Mikir Dong!



“(yaitu) orang-orang yang mengingat Allah sambil berdiri atau duduk atau dalam keadaan berbaring dan mereka memikirkan tentang penciptaan langit dan bumi (seraya berkata): "Ya Tuhan kami, tiadalah Engkau menciptakan ini dengan sia-sia, Maha Suci Engkau, maka peliharalah kami dari siksa neraka.” (QS Ali Imran: 191)

Tadi siang saya marah-marah sendiri dalam hati. Kesal baca artikel tentang salah satu tayangan TV ini: http://mizan.com/news_det/yuk-keep-smile-antara-goyangan-lelucon-kasar-dan-senyuman-miris.html. Memang sih, ini bukan kali pertama saya mendengar respon negatif tentangnya. Meski tak pernah nonton sendiri, celoteh teman-teman blogger & sosmed tentang betapa tak mutunya tayangan ini sudah cukup bikin saya maklum. Apalagi sudah ada petisi dari change.org yang mendukung distop-nya acara ini. Saya bisa membayangkan seberapa parahnya. Yang bikin kesal adalah dalih pembelaan dari PR Manajer stasiun TV itu: tayangan macam begini pemersatu bangsa? Cius? Ini orang GAK MIKIR apa? Biarin ajalah negeri lain jadi terkenal gara-gara sebuah goyangan, apa negeri kita mau ikut-ikutan, lantas menduniakan sesuatu yang murahan? Aduh, mikir dong...! Memangnya negeri kita kekurangan kekayaan intelektual & budaya yang “mahal” apa? 

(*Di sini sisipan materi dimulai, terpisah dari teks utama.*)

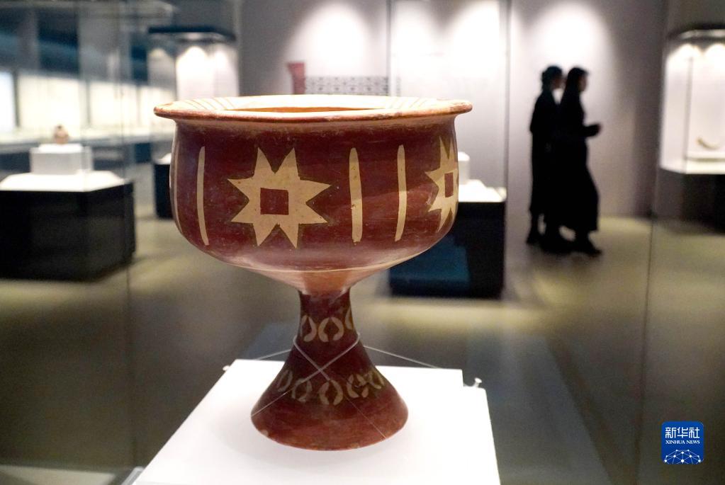 2月9日,在孔子博物館舉行的山東文物精品展上拍攝的山東省文物考古研究院收藏的大汶口文化八角星紋彩陶豆。
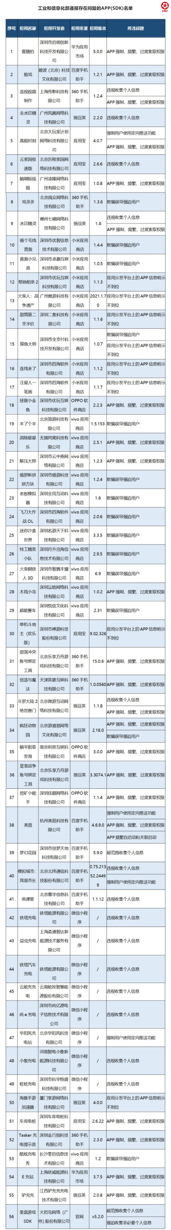 人民网北京5月8日电 (记者申佳平)据工业和信息化部官网消息,依据《个人信息保护法》《网络安全法》《电信条例》《电信和互联网用户个人信息保护规定》等法律法规,持续开展APP侵害用户权益专项整治行动。近期,工业和信息化部组织第三方检测机构对群众关注的实用工具、休闲娱乐及短视频等移动互联网应用程序(APP)及第三方软件开发工具包(SDK)进行检查。发现56款APP(SDK)存在侵害用户权益行为,其中“羊了个羊”等多款游戏APP在列。

Dalih itu kedengarannya mencederai moral & intelektual (serius!). Jika memang dunia pertelevisian kita sedang menuju kehancuran, saya sangat mengerti sekarang inisiatif orang-orang yang meng-absenkan TV dari rumahnya. Saya sendiri sudah beberapa tahun tidak bergaul dengan TV, meski bukan orang yang anti terhadap hiburan. Hanya saja akhir-akhir ini yang dinamakan hiburan TV itu sudah tak lagi menghibur. Jangankan muluk-muluk mengharapkan tayangan mendidik, tayangan menghiburpun sudah garing atau mungkin melempem.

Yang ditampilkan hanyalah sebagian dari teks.